Weierstraß Sine Product - Expidle Simplified guide

PLEASE READ GENERAL GUIDE PAGE BEFORE READING THIS

WIP THIS INFORMATION IS NOT PROOFREAD AND MAY BE INACCURATE

Disclaimer: This is a simplified version of the guide. The guide will skip over things, and is not completely optimal. Click here for a more polished, in-depth, and optimal guide.

When discussion strategy, this section may use more jargon then the rest of the guide. If you are confused, please check out the discord server and ask.

Weierstraß sine product (WSP)

Sim time to completion: 4 years and 333 days
Dev: Xelaroc
Milestone route: 0/0/3 → 0/1/3 → 4/1/3
One sentence description: TBA

WSP overview:

WSP is based of of Weierstrass' sine approximation: \(s_n(x) = x \Pi_{k=1}^n(1 - (\frac{x}{k\pi})^2)\).
The capital pi notation, as in student and tau calculations means to multiply all the terms together, like sigma notation but for multiplication.
The product looks scary but it simply defines a function \(s_n\) that approximates sine. The higher \(n\) values you pass into it, the better the approximation it. Essentially, as n goes to infinity, \(s_n(x)\) approaches sin(x)

However, \(s_n(x)\) is quite inaccurate, and for large values of x, \(s_n(x)\) is much larger/smaller then sin(x), even for large values of n.
for instance. Essentially, as x gets bigger, \(s_n(x) / sin(x)\) gets bigger, very fast, even for large values of n

red: sin(x), blue: \(s_{100}(x)\)

This theory exploits this inaccuracy, and uses it to increase \(\rho\)

Equation breakdown

\(\dot{\rho} = q_1q_2q\)

\(\dot{q} = c_2\frac{s_n(\chi)}{sin(\chi)}\)

\(\chi = \pi \frac{c_1n}{c_1 + n / 3^3} + 1\)

These equation shows that to increase \(\rho\) you want to increase q

To increase q you want to increase \(s_n(\chi) / sin(\chi)\), which is the stirling approximation from earlier. Thus to increase \(s_n(\chi) / sin(\chi)\), you want to increase \(\chi\), and decrease n

The third line shows how to increase \(\chi\). It is based off of n and \(c_1\). Generally, the boost to \(\chi\) you get from increasing n outweighs that decrease in \(s_n(\chi) / sin(\chi)\) increasing n would cause. Therefore, n is overall positive

\(c_1\) lategame out-competes n in the denominator, meaning over time it gets weaker and weaker compared to n\(^{[why?]}\)

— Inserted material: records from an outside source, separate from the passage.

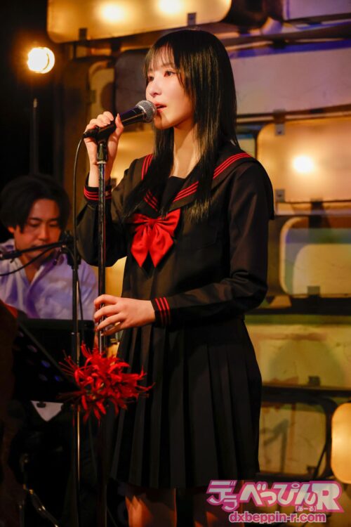 「今回のライブの演出は全部私がやりました。私が赤い花や布を持ってきたものを(ライブハウスの)店長さんにお願いしてステージを装飾していただきました。曲を最初に決めたときに、なぜかたまたま赤色がモチーフの曲が多かったんです。血液もそうですけど、巡るものってやっぱり赤になっていくんだなっていうことです。
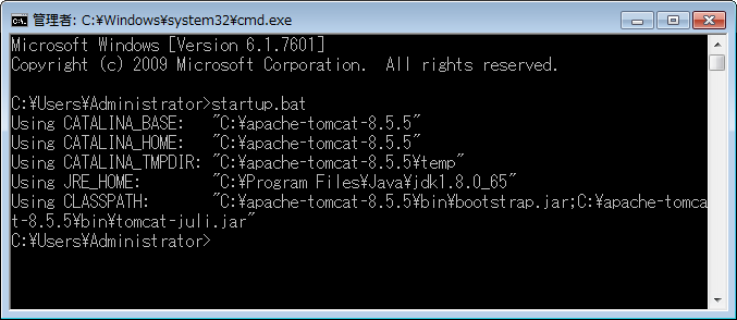 “开始”->“运行”->输入cmd,在命令提示符中输入 startup.bat,之后会弹出tomcat命令框,输出启动日志;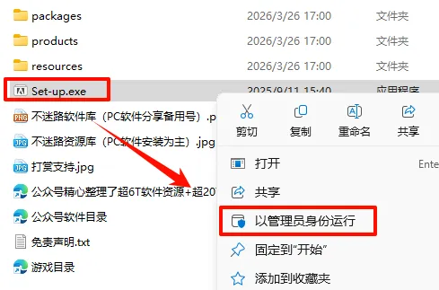 2.打开刚刚解压的文件夹,鼠标右键点击“Set-up.exe”选择“以管理员身份运行”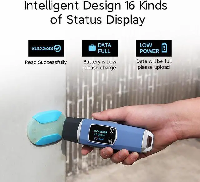 Multifunction Patrol Reader with Flashlight. Built-in flashlight supports safe night patrol. The OLED screen displays time, temperature, battery level, and reading status in real time.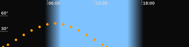 Höchster Stand (Kulmination)07:00 Uhr (h = 45.5°)
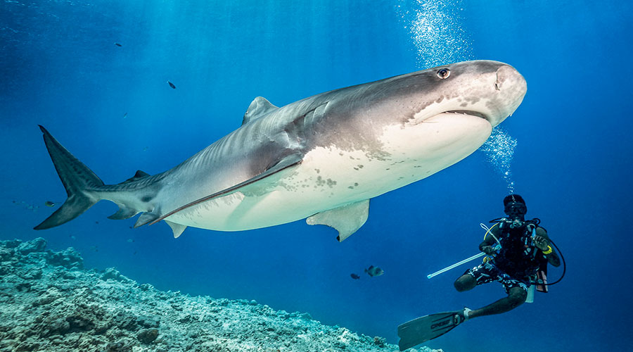 Tigerhajen er en nysgerrig opportunist - Hold øjenkontakt og "show no fear"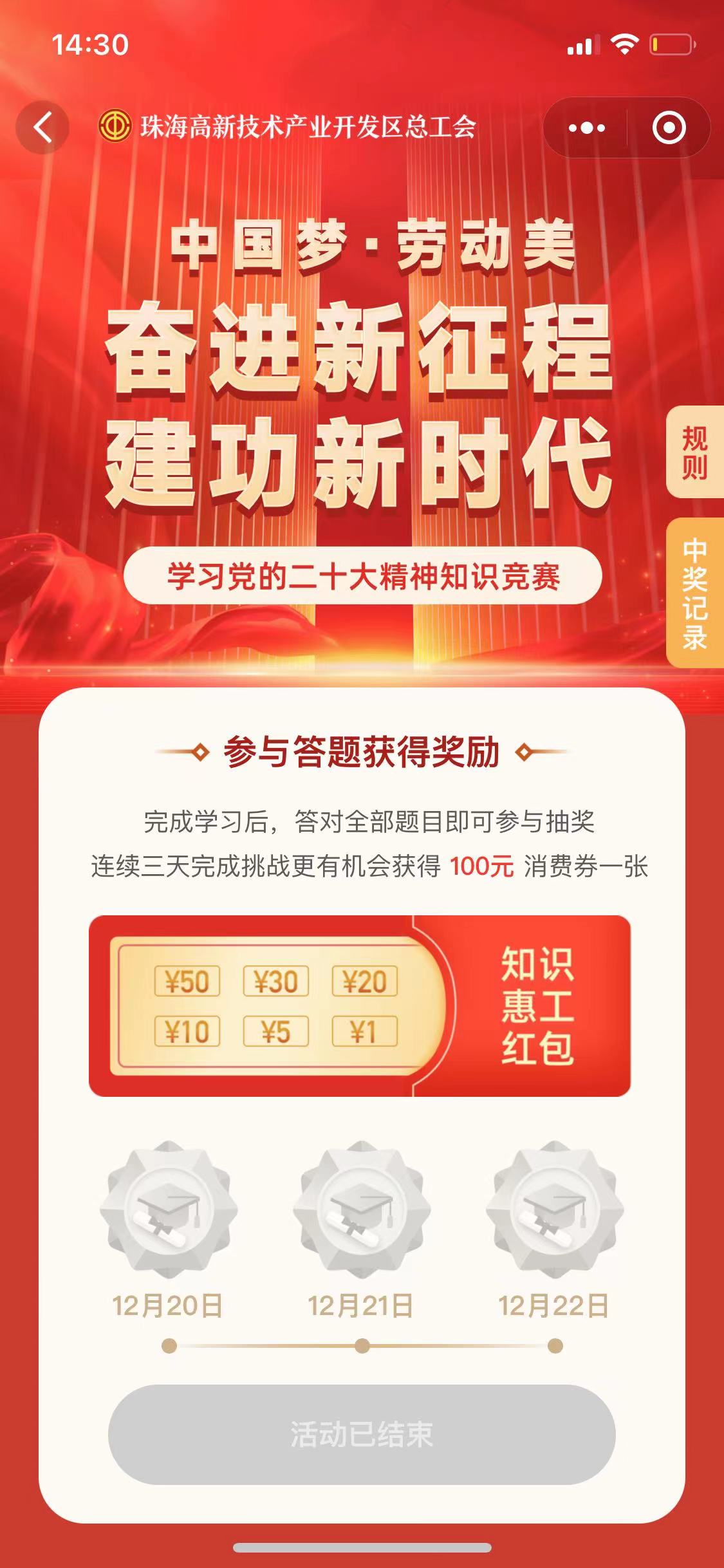 “中国梦·劳动美⸺奋进新征程 建功新时代”珠海职工学习宣传贯彻党的二十大精神线上答题活动(珠海市总工会)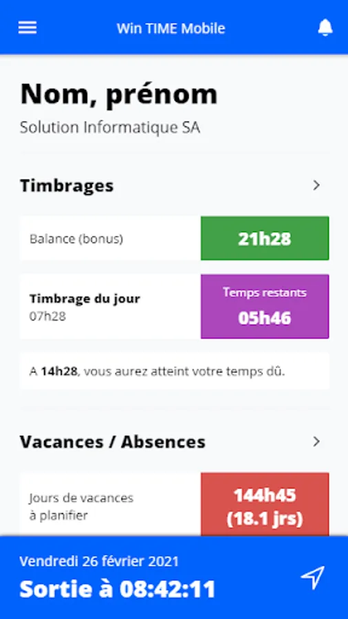 The application allows employees of a company to stamp as well as request time off from their supervisor.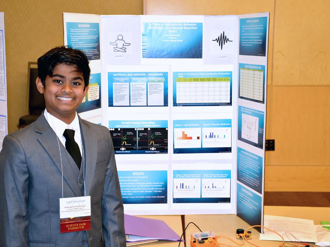 Top: Kapil Bhandaram was awarded CMS’s Award of Excellence in the junior category for his project, “Is there a relationship between meditation and muscle reaction time?”

And thus we have the variable breakdown:

\(q_1\)	Increases \(\dot{\rho}\) directly by approx 7%
\(q_2\)	Increases \(\dot{\rho}\) directly by 2x
\(c_1\)	Increases \(\chi\) (affect changes over time)
\(n\)	Increases \(\chi\) (affect changes over time)
\(c_2\)	Increases \(\dot{q}\) by 2x

\(c_1\) and \(n\) affect \(\dot{\rho}\) differently over time

\(c_1\)	Initially 50% increase in q. Decreases to 0 over time. Negligible after 1e400
\(n\)	Initially 50% increase in q. Increases to 4x over time. Almost 4x after 1e400

Optimal publication multiplier:

0 - e50: 2 - 4
e50 - e75: 5 - 7
e75+: ~8

Strategies:

The best strategy for WSP is always WSPdStopC1. This strategy changes to accommodate that changing power of \(c_1\) and \(n\). However, to simplify, I have a different strat written here: WSPdStopC1noMod. This is not a mainstream strat, so people may not know what you're talking about and the sim will not recommend it. The sim will recommend WSPdStopC1 instead.
WSPdStopC1

WSPdStopC1noMod

var	First 15s	Rest of pub
\(q_1\)	Always buy	When cost is \(\frac{1}{10}\) of \(min(q_2, n, c_2) cost\)
\(q_2\)	Always buy	Always buy
\(c_1\)	Always buy	When cost is \(c_1\) ratio cheaper then \(min(q_2, n, c_2) cost\)
\(n\)	Always buy	Always buy
\(c_2\)	Always buy	Always buy

\(c_1\) ratio

0 - e25 \(\rho\): 1
e25 - e40 \(\rho\): 3
e40 - e200 \(\rho\): 10
e200 - e400 \(\rho\): 50
e400 - e700 \(\rho\): 1000
e700+: Don't buy c1 more then 15 seconds into the publication

The idle strat for WSPdStopC1 is WSPStopC1 (no d), which is slightly different from just autobuying all except those listed as never buy

✔️ - Always buy, ❌ - Never buy

WSPStopC1

var	First 15s	Rest of pub
\(q_1\)	✔️	✔️
\(q_2\)	✔️	✔️
\(c_1\)	✔️	❌ unless \(\rho\) < 1e450 in which case ✔️
\(n\)	✔️	✔️
\(c_2\)	✔️	✔️